After the Second World War, the process of European unification was based on two preconditions: the transatlantic alliance and the Cold War. The US supported efforts to unify Western Europe economically and politically, to establish a stable bulwark in the Cold War. Through economic reconstruction and overcoming the intra-European rivalries, revolutionary upheaval, as had taken place after the First World War, was to be prevented. Although the unification process was predominantly determined by business interests, for a long time it was also linked with balancing the sharpest social and regional contrasts. Agrarian funds, regional funds and other pots of Brussels’ money served to smooth over the most glaring social distortions.
The end of the Soviet Union and the Warsaw Pact has eliminated these conditions. Since then, the tensions with the US and within Europe have intensified. The role of the European institutions has greatly changed. The Brussels Commission has become synonymous with deregulation, liberalisation and the dismantling of workers’ rights. Instead of balancing out the social and regional contrasts, it intensifies them. The bureaucratic colossus with 40,000 staff—not subject to any democratic control, but beholden to the whisperings of numerous lobbyists—increasingly acts as an open tool of the European great powers and the most influential business interests.
The draft for a European constitution is intended to codify these conditions. It subordinates all aspects of economic and social policy to the interests of business. It links the terms “liberty, security and justice” with the obligation to protect “a domestic market with free and undistorted competition.” Article 4 specifies the free traffic of “goods, services and capital” as a “fundamental liberty.” The European Union is to enjoy “the exclusive authority” over financial policy in the euro zone and to coordinate economic, employment and social policy. This is a charter for comprehensive attacks on social security benefits, to be able to finance reductions in taxation and other economic incentives. The draft constitution also stresses the role of the military and police apparatuses “for the maintenance of law and order and the preservation of internal security.” Only afterwards does it enumerate some modest civil rights.

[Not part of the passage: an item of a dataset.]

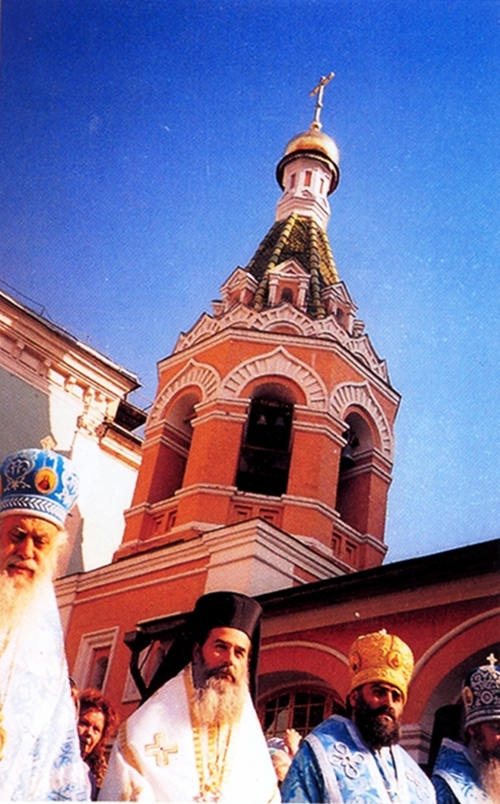 Προ της μεγάλης εκκλησίας της Παναγίας του Καζάν Έλληνες και Ρώσσοι Μητροπολίτες αναμένοντες τον Πατριάρχη της Ρωσσίας κ.κ. Αλέξιο. Εξ αριστερών ο Αργολίδος Ιάκωβος, ο Άρτης Ιγνάτιος και οι Ρώσσοι Αρχιερείς.

So far, this draft has failed to become a reality because of the contradictory interests of the member states. Above all, the governments that sided with the US in the Iraq war fear being dominated by Germany and France. On the other hand, agreement prevails concerning economic and social policy objectives. Despite the controversy over the constitution, the social polarisation of Europe is increasing. Hardly anything remains of the much-praised European welfare model.
The growth of social inequality
Over 20 million men and women are currently unemployed in the European Union. At the same time, this unemployment is very unevenly distributed. According to figures issued by the EU Office of Statistics, the unemployment rate varies from 3.7 percent in Luxemburg to 11.4 percent in Spain. Of those countries being admitted to full membership of the EU in May, Poland has the highest levels with 19.2 percent, or 3.3 million unemployed. Especially hard hit are youth under the age of 25. Across the EU as a whole, 15 percent of all youth are without jobs, and existing EU member Spain has the highest rate of youth unemployment at 23 percent. In Poland, youth unemployment totals 41 percent.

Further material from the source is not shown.